Der Großraum Buenos Aires (AMBA) und die Autonome Stadt Buenos Aires erleben weiterhin ein instabiles Klima aufgrund einer feuchten Front, die zeitweilige Regenfälle und eingeschränkte Sicht verursacht hat. Laut der Vorhersage wird für diesen Mittwoch die Fortsetzung von vereinzelten Nieselregen erwartet, begleitet von überwiegend bewölktem Himmel, mit Temperaturen zwischen 8°C und 14°C.
El Niño und sein Einfluss auf das Klima des AMBA
Die anhaltenden Regenfälle im Zentrum des Landes sind keine einfachen isolierten Ereignisse.
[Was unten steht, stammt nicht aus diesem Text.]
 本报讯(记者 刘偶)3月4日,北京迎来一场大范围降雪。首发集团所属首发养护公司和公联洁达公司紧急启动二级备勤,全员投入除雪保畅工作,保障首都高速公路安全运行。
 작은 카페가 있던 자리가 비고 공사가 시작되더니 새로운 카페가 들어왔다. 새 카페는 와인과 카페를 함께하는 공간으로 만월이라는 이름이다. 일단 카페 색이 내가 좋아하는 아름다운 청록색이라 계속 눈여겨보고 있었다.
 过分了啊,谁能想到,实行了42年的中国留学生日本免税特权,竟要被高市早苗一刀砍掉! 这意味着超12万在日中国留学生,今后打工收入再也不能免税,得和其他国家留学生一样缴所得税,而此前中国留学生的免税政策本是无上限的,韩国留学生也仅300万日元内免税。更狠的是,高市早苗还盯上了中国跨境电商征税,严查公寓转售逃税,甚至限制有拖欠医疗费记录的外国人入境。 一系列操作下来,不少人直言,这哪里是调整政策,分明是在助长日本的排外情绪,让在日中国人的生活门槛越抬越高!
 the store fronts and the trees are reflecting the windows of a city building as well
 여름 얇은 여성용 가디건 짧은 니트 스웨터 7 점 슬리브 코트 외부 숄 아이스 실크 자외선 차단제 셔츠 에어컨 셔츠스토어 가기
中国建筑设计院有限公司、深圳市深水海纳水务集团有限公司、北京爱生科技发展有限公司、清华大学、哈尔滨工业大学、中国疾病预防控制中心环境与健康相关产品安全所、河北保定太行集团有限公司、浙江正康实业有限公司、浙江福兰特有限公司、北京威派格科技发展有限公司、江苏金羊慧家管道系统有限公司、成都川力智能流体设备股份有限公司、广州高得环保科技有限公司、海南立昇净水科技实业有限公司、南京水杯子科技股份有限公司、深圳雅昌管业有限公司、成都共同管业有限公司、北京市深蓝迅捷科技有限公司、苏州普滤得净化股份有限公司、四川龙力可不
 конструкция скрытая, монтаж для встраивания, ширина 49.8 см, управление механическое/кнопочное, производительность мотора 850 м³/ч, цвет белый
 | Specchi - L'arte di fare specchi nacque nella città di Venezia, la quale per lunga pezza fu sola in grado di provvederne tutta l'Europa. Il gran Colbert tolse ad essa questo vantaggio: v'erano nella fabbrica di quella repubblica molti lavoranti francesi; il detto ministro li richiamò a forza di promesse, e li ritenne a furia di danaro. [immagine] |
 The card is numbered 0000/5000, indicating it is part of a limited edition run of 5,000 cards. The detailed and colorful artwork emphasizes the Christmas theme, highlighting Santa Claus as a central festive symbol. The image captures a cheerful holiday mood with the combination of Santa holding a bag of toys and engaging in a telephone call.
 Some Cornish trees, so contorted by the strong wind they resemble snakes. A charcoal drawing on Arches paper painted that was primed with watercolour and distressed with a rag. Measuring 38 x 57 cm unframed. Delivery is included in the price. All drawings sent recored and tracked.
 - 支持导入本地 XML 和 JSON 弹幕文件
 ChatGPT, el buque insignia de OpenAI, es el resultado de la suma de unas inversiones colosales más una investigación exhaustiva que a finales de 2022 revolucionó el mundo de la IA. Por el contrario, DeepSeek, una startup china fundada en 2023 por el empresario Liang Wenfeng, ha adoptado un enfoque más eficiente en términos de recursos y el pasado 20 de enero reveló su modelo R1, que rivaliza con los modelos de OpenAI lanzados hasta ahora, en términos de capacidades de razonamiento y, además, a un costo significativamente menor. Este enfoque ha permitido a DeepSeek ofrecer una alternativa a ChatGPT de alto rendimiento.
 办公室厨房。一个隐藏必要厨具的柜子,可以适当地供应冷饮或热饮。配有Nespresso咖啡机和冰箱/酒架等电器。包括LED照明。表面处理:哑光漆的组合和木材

Wissenschaftler führen diese klimatische Instabilität auf das Phänomen El Niño zurück, das sowohl die Häufigkeit als auch die Schwere der schlechten Wetterbedingungen in der Region erhöht.
Am Nachmittag wird eine allmähliche Verbesserung der Wetterbedingungen erwartet, mit einer Abnahme der Bewölkung, die es ermöglicht, dass einige Sonnenstrahlen durchkommen, bevor die Temperaturen bei Einbruch der Dunkelheit wieder sinken.
Laut dem Nationalen Wetterdienst wird es zwar eine Pause bei den Niederschlägen geben, aber die Kälte und die Wolken werden den Rest der Woche über präsent bleiben. Diese Verbesserung wird schrittweise erfolgen, wobei die Sonne sporadisch erscheinen wird.
Carolina Vera, Forscherin beim CONICET und ehemalige Vizepräsidentin der Arbeitsgruppe I des Zwischenstaatlichen Ausschusses für Klimaänderungen (IPCC), betont, dass El Niño im Zentrum-Westen des Landes niedrigere Druckverhältnisse als üblich erzeugt und so das Auftreten dieser ungünstigen Wetterlagen erleichtert.
Der Jetstream auf niedriger Ebene, ein Windstrom, der Feuchtigkeit aus dem Amazonasbecken transportiert, interagiert mit der kalten Luft aus Patagonien und schafft lang anhaltende Wolkenblockaden.